Description
Trying to gain healthy weight or build muscle? These high-carb, high-protein meals helped me gain 10 lbs naturally—and they actually taste amazing! Perfect for lean bulking, post-workout recovery, or anyone needing more fuel in their day. These easy, balanced recipes are great for breakfast, lunch, and dinner—no complicated ingredients, just real food that gets results
Recipes:
Creamy Spinach & Shrimp Stuffed Shells
Ingredients:
For the shells:
12 jumbo pasta shells
1 cup cooked shrimp, chopped
1 cup ricotta cheese
1/2 cup Parmesan cheese, grated
1 cup spinach, sautéed and chopped
1/2 cup mozzarella cheese, shredded
1 egg
1 tsp garlic powder
Salt and pepper to taste
For the sauce:
2 tbsp butter
2 cloves garlic, minced
1 cup heavy cream
1/4 cup Parmesan cheese, grated
1/2 tsp Italian seasoning
Salt and pepper to taste
Instructions:
Cook the Pasta:
Boil jumbo shells in salted water until al dente.

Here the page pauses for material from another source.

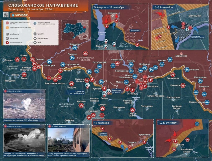На Слобожанском направлении российские войска ведут бои севернее агрегатного завода в Волчанске. В то же время противник атакует позиции ВС РФ в Глубоком, стремясь вернуть контроль над селом.
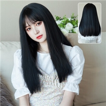 男女万通用假发黑长直发卷姬发式伪娘变装动漫假毛 黑色送佩戴发网

Drain and let them cool.
Prepare the Filling:
In a bowl, mix ricotta, Parmesan, spinach, shrimp, egg, garlic powder, salt, and pepper. Stir until well combined.
Make the Sauce:
In a saucepan, melt butter over medium heat. Sauté garlic until fragrant. Add heavy cream and bring to a simmer. Stir in Parmesan cheese and Italian seasoning until the sauce thickens. Season with salt and pepper.
Stuff the Shells:
Fill each shell with the shrimp and spinach mixture. Place the stuffed shells in a baking dish.
Bake:
Pour the cream sauce over the shells and top with shredded mozzarella. Bake at 375°F (190°C) for 20-25 minutes or until bubbly and golden.
Serve:
Garnish with extra Parmesan and fresh parsley. Serve hot!
This decadent dish combines creamy, cheesy goodness with the richness of shrimp—perfect for any special dinner!